• The problem: The lines from the top of the material through the line with "在四保一的阵容体系中,羊祜负" are to be set down exactly. Leave the pictures out.

[Supplied information — start]

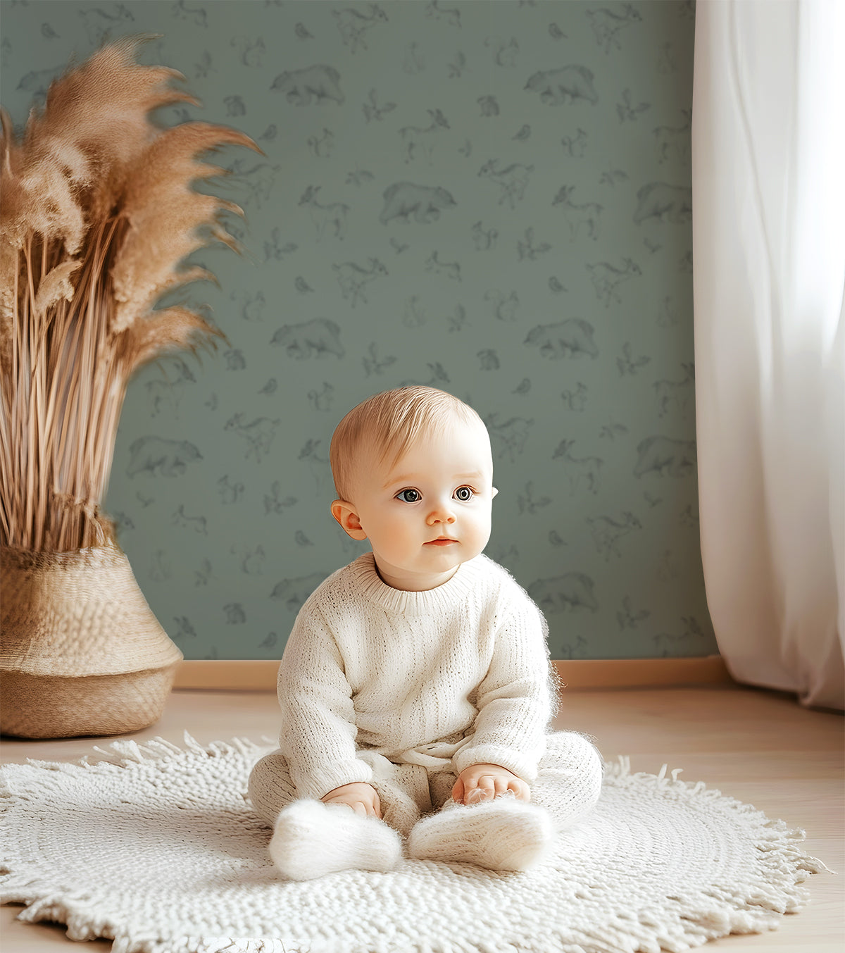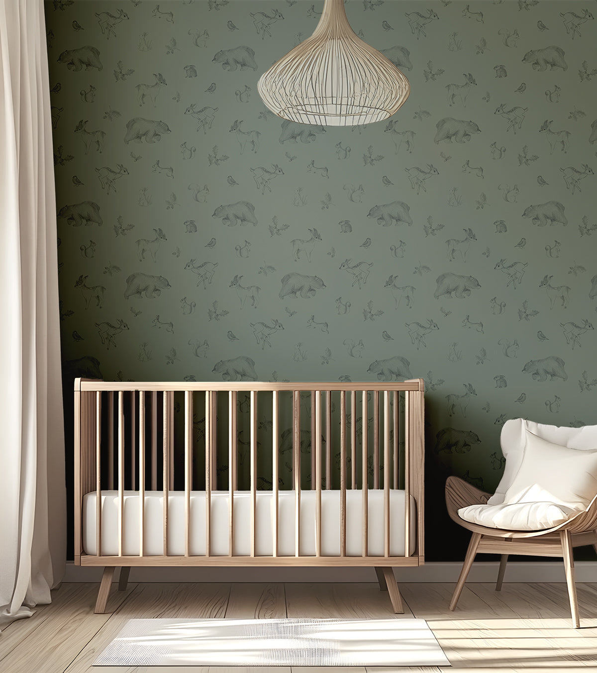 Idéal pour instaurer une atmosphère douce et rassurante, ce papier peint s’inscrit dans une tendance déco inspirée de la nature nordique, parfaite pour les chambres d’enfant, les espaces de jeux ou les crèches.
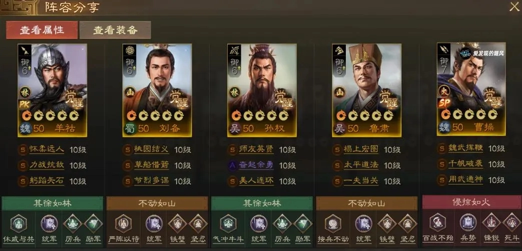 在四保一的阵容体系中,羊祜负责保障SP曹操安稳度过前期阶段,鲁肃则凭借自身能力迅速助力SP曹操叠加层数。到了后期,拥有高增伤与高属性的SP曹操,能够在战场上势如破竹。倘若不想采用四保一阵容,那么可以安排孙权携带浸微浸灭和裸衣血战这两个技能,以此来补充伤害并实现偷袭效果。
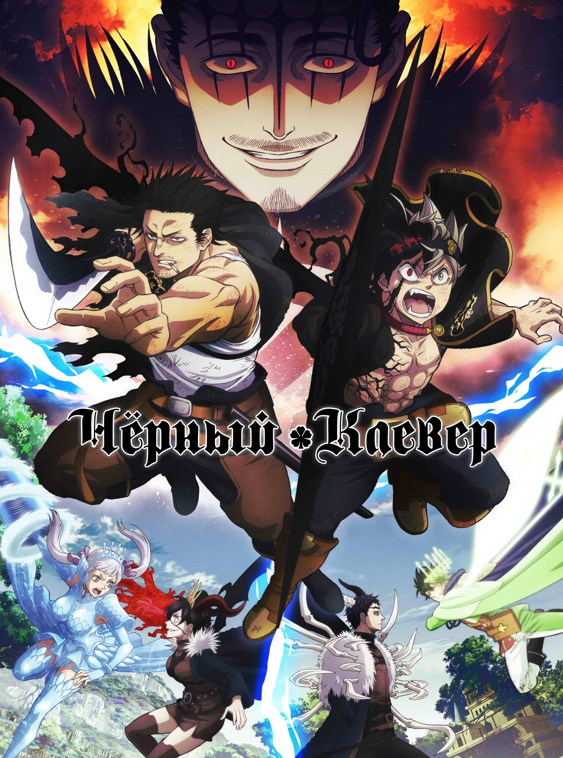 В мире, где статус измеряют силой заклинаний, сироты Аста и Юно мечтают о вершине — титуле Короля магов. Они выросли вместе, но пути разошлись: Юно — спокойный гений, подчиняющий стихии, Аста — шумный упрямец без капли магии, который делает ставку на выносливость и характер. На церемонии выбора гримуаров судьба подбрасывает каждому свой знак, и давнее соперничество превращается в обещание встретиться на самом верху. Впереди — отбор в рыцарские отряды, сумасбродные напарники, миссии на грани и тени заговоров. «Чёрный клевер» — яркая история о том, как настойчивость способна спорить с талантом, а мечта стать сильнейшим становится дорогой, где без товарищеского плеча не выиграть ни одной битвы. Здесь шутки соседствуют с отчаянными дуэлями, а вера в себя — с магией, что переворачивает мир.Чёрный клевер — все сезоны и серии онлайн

[Supplied information — finish]

• Written solution:
 Idéal pour instaurer une atmosphère douce et rassurante, ce papier peint s’inscrit dans une tendance déco inspirée de la nature nordique, parfaite pour les chambres d’enfant, les espaces de jeux ou les crèches.
 在四保一的阵容体系中,羊祜负责保障SP曹操安稳度过前期阶段,鲁肃则凭借自身能力迅速助力SP曹操叠加层数。到了后期,拥有高增伤与高属性的SP曹操,能够在战场上势如破竹。倘若不想采用四保一阵容,那么可以安排孙权携带浸微浸灭和裸衣血战这两个技能,以此来补充伤害并实现偷袭效果。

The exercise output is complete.